At least six nations are understood to have voted against the measure – Poland, Bulgaria, Romania, Croatia and Hungary and Cyprus – having objected to its start date of 2019 rather than the 2021 date originally proposed by the European Commission.
Poland led a blocking minority of mainly eastern European states that opposed an earlier start to the MSR, but the faction saw cracks after the Czech Republic and Lithuania defected to the western EU camp.
It remains to be seen whether those governments that voted against the MSR will support Poland’s lawsuit.
Poland’s officials discussed the legal case with their counterparts from the objecting nations on the sidelines of the UN climate negotiations in Paris earlier this month.

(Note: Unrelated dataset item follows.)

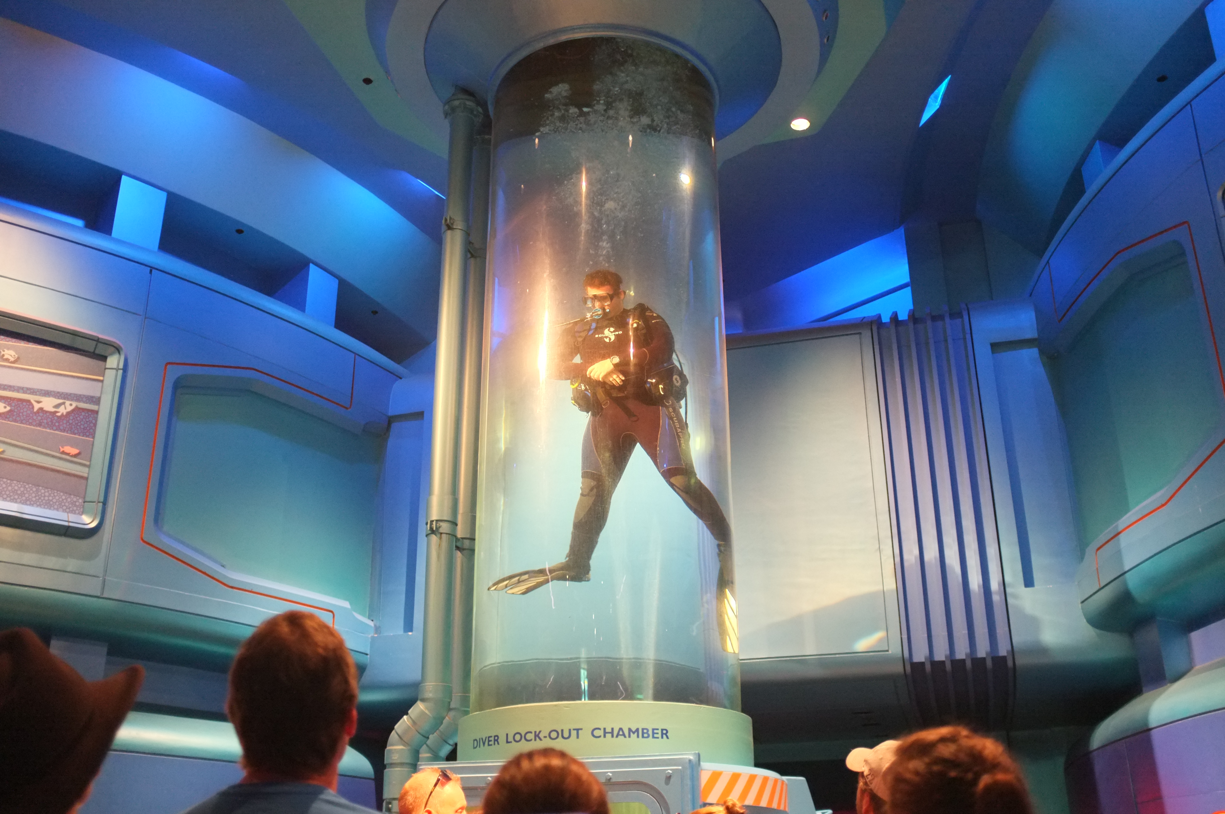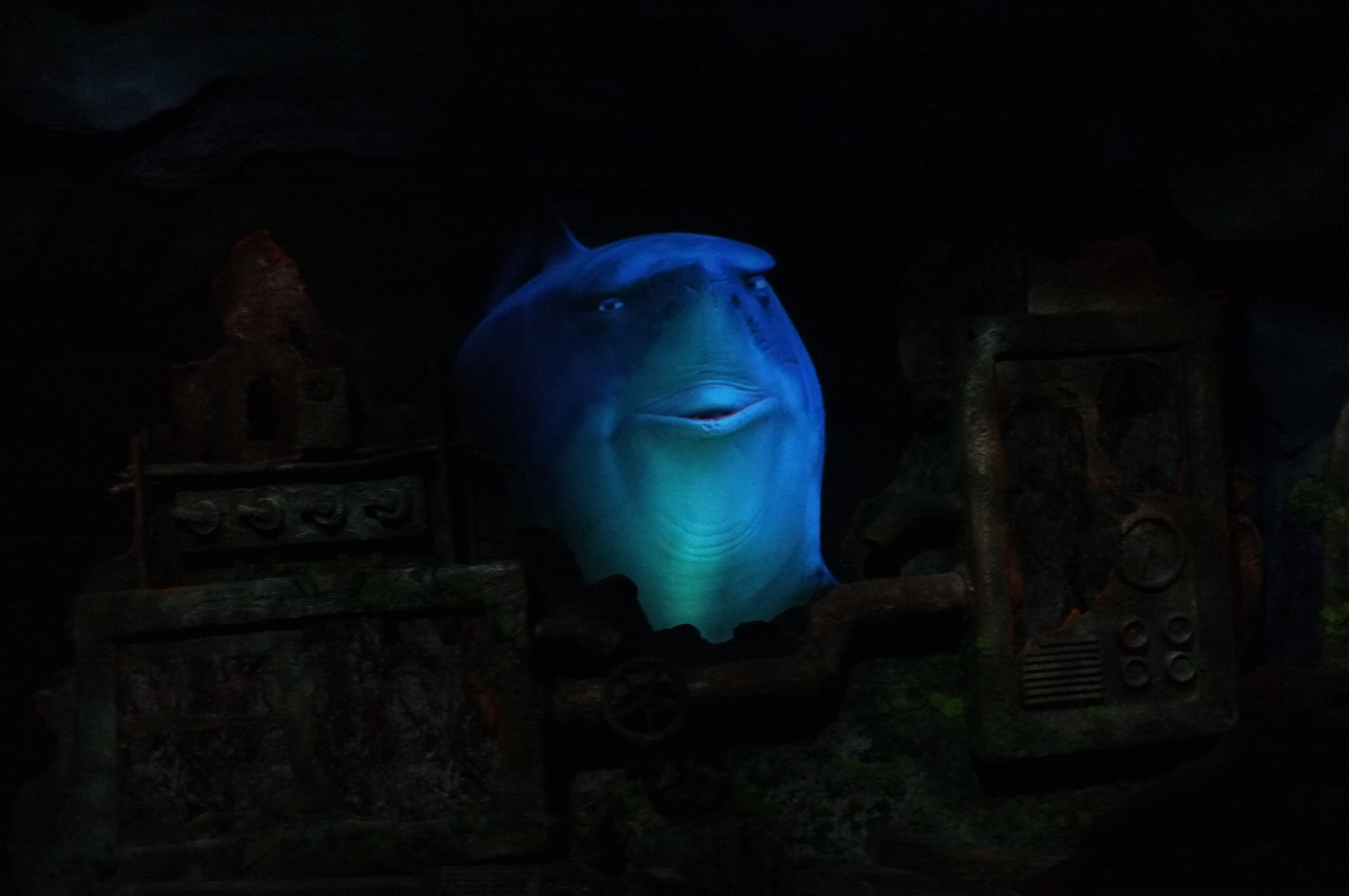 Our next ride was The Seas with Nemo & Friends. This is a high-tech ride featuring characters from the animated hit Finding Nemo. We boarded a “clamobile” and descended below the waves into a “Big Blue World” where Nemo and his friends flit through brightly colored coral reefs and gently swaying sea anemones. The attraction features technology that makes it seem as if the animated characters are swimming with live fish. It was very cool. After the ride, we walked around the massive 5.7-million-gallon saltwater aquarium filled with marine life and some of the real-life counterparts of the characters from the film.

Sources told Carbon Pulse that the discussions gained little traction as officials were focused on the two-week talks.
EU PROCESS
Cases before the ECJ, the EU’s highest court, tend to drag on for years. Lawsuits brought by eight eastern member states over their ETS Phase 2 (2008-2012) allocations were only fully resolved in 2013 after a six-year legal battle.
Poland’s case looks set to address the nature of the overarching political agreements made by EU leaders at the European Council versus the legislative procedures made to implement those agreements.
The EU’s overall emission reduction targets have been agreed unanimously. The 2020 target was decided at a European Council meeting in 2007, while the 2030 energy and climate goals were agreed in Oct. 2014.
The European Commission proposed both the Backloading and MSR reforms independently of Council agreements on the basis that because ETS emission allowances would be merely withheld from sale rather than cancelled, this did not affect the overall targets.